Early Placental Development. The progenitor cells of the placenta, the cytotrophoblast proliferate rapidly during the first trimester of pregnancy. During this time they also differentiate to become part of the syncytiotrophoblast layer that fuses and becomes the layer of the placenta that comes into contact with the maternal blood. Additionally, cytotrophoblast cells differentiate to become part of the extravillous trophoblast, the cells that invade into the mother’s endometrium, seeking out her spiral arteries

Cell proliferation

As the placenta begins forming 1 week after fertilization and must begin to facilitate nutrient and gas exchange by the end of the first trimester, rapid and substantial cell proliferation is essential. However, unlike cancer, this cell proliferation is tightly regulated and cells lose their proliferative capacity once they undergo differentiation into the invasive EVT lineage.
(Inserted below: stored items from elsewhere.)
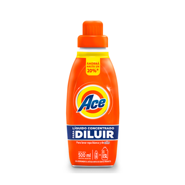 Ace Líquido para Diluir 500 ml Botella es un detergente para el lavado de ropa formulado para diluir antes de su uso. Ofrece una limpieza eficaz, ayudando a remover la suciedad y las manchas habituales, mientras cuida las fibras. Su formato en botella permite una dosificación práctica y controlada. Ideal para lavado a mano y en lavarropas.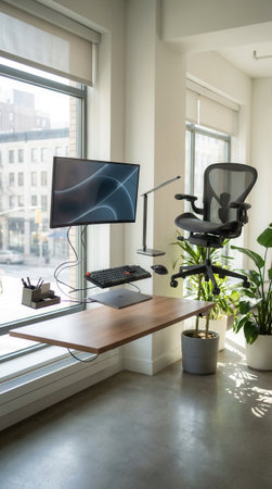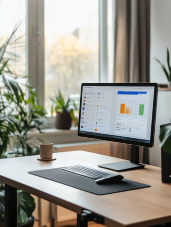 A well-organized office workspace features an adjustable height desk, plants, and a monitor showing data analytics in daylight.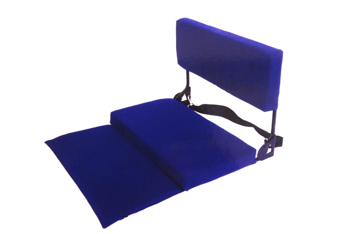 Experience comfort with the TSK Meditation Chair. Fully foldable, 20x18x3 inch seat, back support, extra cushion, and a carry bag. Perfect for sukhasana. 7-year warranty included.

One group of genes that are responsible for cytotrophoblast cell proliferation are growth factors and their receptors [29]. Epidermal growth factor (EGF), hepatocyte growth factor (HGF), vascular endothelial growth factor (VEGF), and placental growth factor (PLGF), insulin like growth factor (IGF), transforming growth factor (TGF) and their subsequent receptors have all been identified in the cytotrophoblast and are speculated to act in a paracrine and autocrine manner on the differentiated cells of the placenta [3036]. These growth factors bind to tyrosine kinase receptors on cytotrophoblast cell membranes inducing self-dimerization to activate the MEK/ERK proliferation pathway and the PI3K/Akt anti-apoptosis pathway [37]. These kinase signaling cascades are potent catalysts that influence cell proliferation and survival in many cell types, including the placenta [38]. Gene editing experiments targeting the MAPK pathway in mice was embryonic lethal by E11.5 due to severe placental defects [39]. Additionally, gene disruption of the PI3K/Akt pathway led to depleted cells in the spongiotrophoblast layer (cells of the junctional zone of the mouse placenta, the specific function is still unclear [40]) and decreased vascularization [41]. These data indicate a necessary role for growth factor driven activation of the MAPK/PI3K pathways during early placental development. Interestingly, the phosphorylated forms of ERK1 and ERK2 were only detected in proliferative cytotrophoblast cells until the end of the first trimester. This alludes to their importance in cell proliferation, losing expression once cells begin to terminally differentiate [42].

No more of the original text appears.